Life, I believe, asks a continuous series of adjustments to reality. The more readily a person is able to make these adjustments, the more meaningful his own private world becomes. The adjustment is never easy. I was bewildered and afraid. But I was lucky. My parents and my teachers saw something in me--a potential to live, you might call it--which I didn't see, and they made me want to fight it out with blindness.
The hardest lesson I had to learn was to believe in myself. That was basic. If I hadn't been able to do that, I would have collapsed and become a chair rocker on the front porch for the rest of my life. When I say belief in myself I am not talking about simply the kind of self confidence that helps me down an unfamiliar staircase alone. That is part of it. But I mean something bigger than that: an assurance that I am, despite imperfections, a real, positive person; that somewhere in the sweeping, intricate pattern of people there is a special place where I can make myself fit.
It took me years to discover and strengthen this assurance. It had to start with the most elementary things. Once a man gave me an indoor baseball.
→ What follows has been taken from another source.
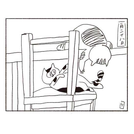 JUGEMテーマ:絵日記★ この冬の間は 机の上 vs 椅子の上の ファイトを毎日やっております。 上下はいろいろ。 机に乗った方から仕掛けているようです。 飯田研人のHPはこちら(kentoiidaillustrations.tumblr.com)です。

I thought he was mocking me and I was hurt. "I can't use this." I said. "Take it with you," he urged me, "and roll it around." The words stuck in my head. "Roll it around! "By rolling the ball I could hear where it went. This gave me an idea how to achieve a goal I had thought impossible: playing baseball. At Philadelphia's Overbrook School for the Blind I invented a successful variation of baseball. We called it ground ball.
All my life I have set ahead of me a series of goals and then tried to reach them, one at a time. I had to learn my limitations. It was no good to try for something I knew at the start was wildly out of reach because that only invited the bitterness of failure. I would fail sometimes anyway but on the average I made progress.
We can learn from the beginning of the passage that __________________.
A.the author lost his sight because of a car crash. |
B.the disaster strengthened the author's desire to see |
C.the disaster made the author appreciate what he had. |
D.the author wouldn't love life if the disaster didn't happen. |
What's the most difficult thing for the author?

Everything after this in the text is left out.